## The irrationality of pi will be presented in next week’s colloquium

**Title:**Niven’s Proof of the Irrationality of Pi**Speaker:**Dr. Aaron Cinzori, Hope College**When/Where:**Tuesday, November 13, at 11:00 a.m. in VWF 102

**Abstract: ** Approximations of the value of pi are known to a ridiculous number of digits. But to actually establish that pi is not a rational number requires not just approximations, but proof. The first proof that pi is irrational was given by Lambert in 1761, and it required some sophisticated analysis, but in 1947, Ivan Niven gave a remarkably short and clear proof that pi is irrational using only ideas from calculus. (So it is as easy as pi!) We’ll take a detailed look at Niven’s proof as well as peeks at some of the history of pi in mathematics. And of course there will be poetry.

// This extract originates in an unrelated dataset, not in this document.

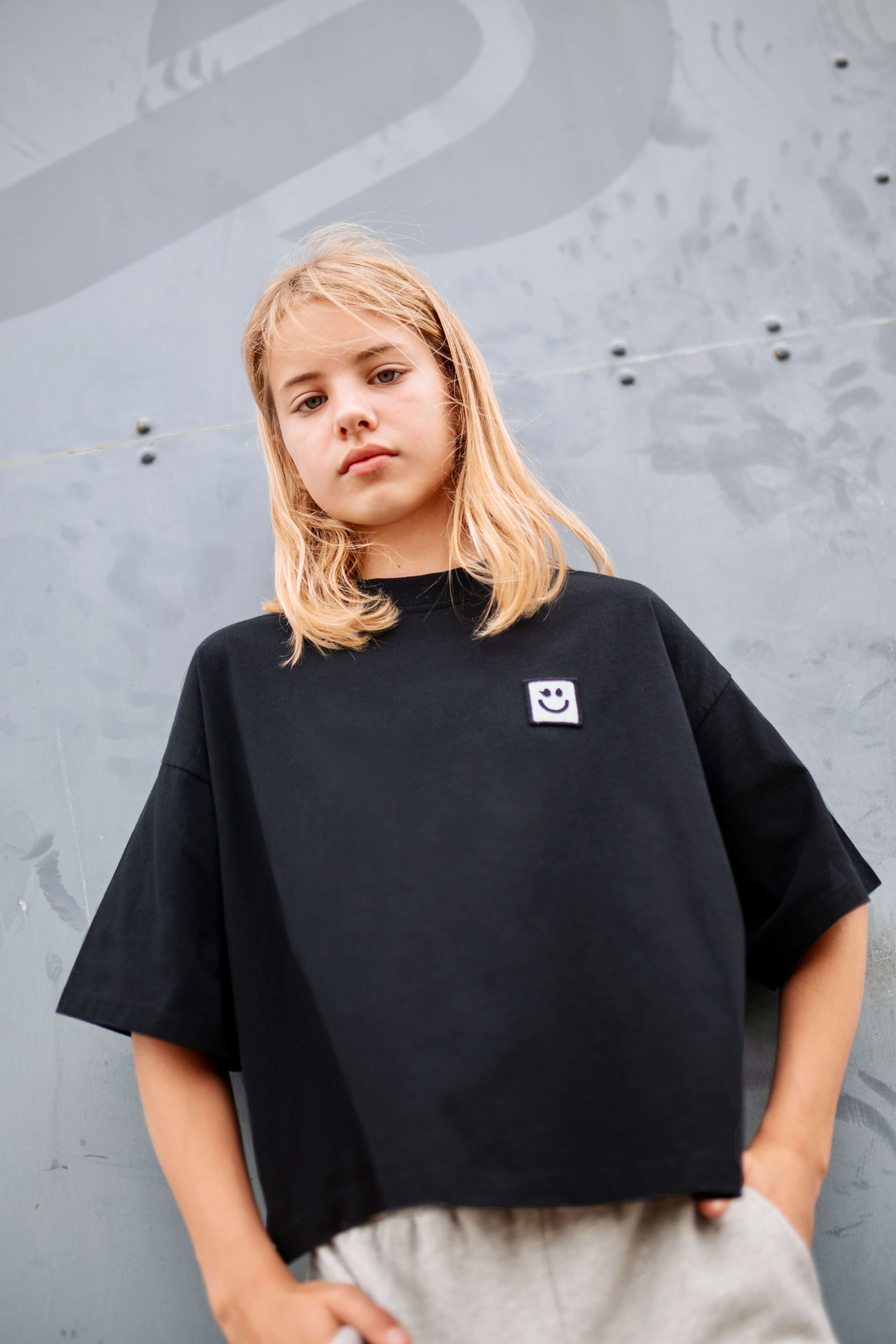 The LMH Boxy T-Shirt in black delivers a clean silhouette with subtle character. Crafted from soft organic cotton jersey, this black boxy kids t-shirt combines modern proportions with everyday comfort.

## Students participate in MATH Challenge

Hope again had a nice turnout of students participating in the Michigan Autumn Take-Home Challenge this past Saturday. Students competed with other students around the state (as well as other states) working in groups on ten interesting problems. Apparently this test was more difficult than usual (or not as easy as pi), so while we look forward to hearing the results in the near future we may not expect them to be very high scores. The following students competed (grouped by team):

- Chris McAuley, Quentin Couvelaire, Evan Bright
- Matt Edkins, Adam Czeranko, Mackenzie Green
- Evan Mulshine, Ruth Holloway, Trevor Hile
- Eric Leu, Jackson Krebsbach

## Memphis Teacher Residency

David Montague, the Director of the Memphis Teacher Residency (MTR), will be on campus next **Wednesday, November 14th** to speak in Chapel and recruit for MTR. He is also hosting an Information Session on that same day from **6:30-7:30pm in VNZ 247**.

MTR provides a full year residency program preparing teachers for work in low-performing public schools in Memphis. They offer a Master’s degree in Urban Education (tuition free), a full year internship co-teaching with a mentor teacher, free housing and a monthly living stipend. Their mission is Christian love expressed in equal education.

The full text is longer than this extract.